The same logic can be applied to the "dwi", "anat", and "fmap" sections. For example, if you would have two T1-weighted structural scans, the "anat" section could look like:

  # some options

  # some mappings


    id: 3DT1_1
    run: 1

      id: 3DT1_2
      run: 2

Importantly, any UNIX-style wildcard (e.g. *, ?, and [a,A,1-9]) can be used in the id values in these sections!

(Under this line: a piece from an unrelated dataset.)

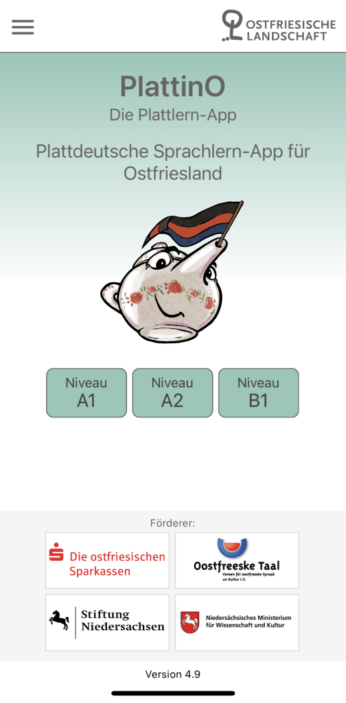 A while ago, we covered one variety of Low German spoken in East Friesland in northwestern Germany, that is, Oostfreesk Platt, or East Frisian Low German. Amongst the resources dedicated to learn this variety of the language, we briefly mentioned the application called PlattinO. Developed by Timm Sodtalbers, and artwork done by Nicolaus Hippen, PlattinO has garnered support by native speakers of East Frisian Low German and the Ostfriesische Landschaft, some of whom have contributed content and audio recordings to this application. And so today, following several months of continuous use of PlattinO, I am ready to present my thoughts on the application.
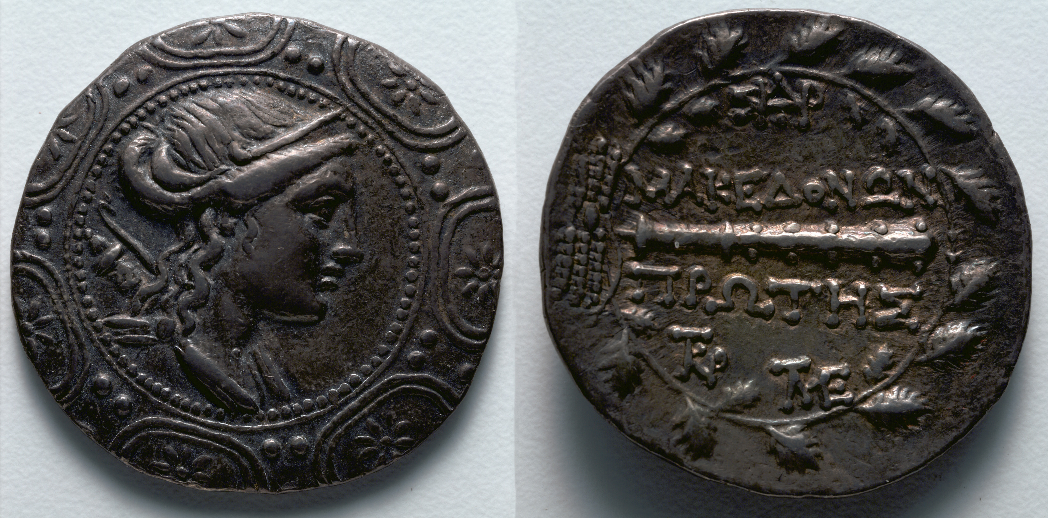 Tetradrachm: Macedonian Shield with Head of Artemis (obverse); Club (reverse)

Lastly, apart from the different elements (such as nback-task1 in the previous example), each datatype-section (func, anat, fmap, and dwi) also may include a metadata section, similar to the "toplevel" metadata section. This field may include key-value pairs that will be appended to each JSON-file within that datatype. This is especially nice if you'd want to add metadata that is needed for specific preprocessing/analysis pipelines that are based on the BIDS-format. For example, the fmriprep package provides preprocessing pipelines for BIDS-datasets, but sometimes need specific metadata. For example, for each BOLD-fMRI file, it needs a field EffectiveEchoSpacing in the corresponding JSON-file, and for B0-files (one phasediff, one magnitude image) it needs the fields EchoTime1 and EchoTime2. To include those metadata fields in the corresponding JSON-files, just include a metadata field under the appropriate datatype section. For example, to do so for the previous examples:


    EffectiveEchoSpacing: 0.00365
    PhaseEncodingDirection: "j"

    id: nback
    task: nback


    EchoTime1: 0.003
    EchoTime2: 0.008

    id: B0

How to use bidsify

After installing this package, the bidsify command should be available. This command assumes a specific organization of your directory with raw data. Below, I outlined the assumed structure for a simple dataset with one BOLD run and one T1-weighted scan across two sessions:

            ├── config.yml
            ├── sub-01
            │   ├── ses-1
            │   │   ├── boldrun1.PAR
            │   │   ├── boldrun1.REC
            │   │   ├── T1.PAR
            │   │   └── T1.REC
            │   └── ses-2
            │       ├── boldrun1.PAR
            │       ├── boldrun1.REC
            │       ├── T1.PAR
            │       └── T1.REC
            └── sub-02
                ├── ses-1
                │   ├── boldrun1.PAR
                │   ├── boldrun1.REC
                │   ├── T1.PAR
                │   └── T1.REC
                └── ses-2
                    ├── boldrun1.PAR
                    ├── boldrun1.REC
                    ├── T1.PAR
                    └── T1.REC

(If you have DICOM-files with the .dcm extension, just replace the PAR/REC files with a single dcm file.)

So all raw files should be in a single directory, which can be the subject-directory or, optionally, a session-directory. Note: the session directory must be named "ses-<something>".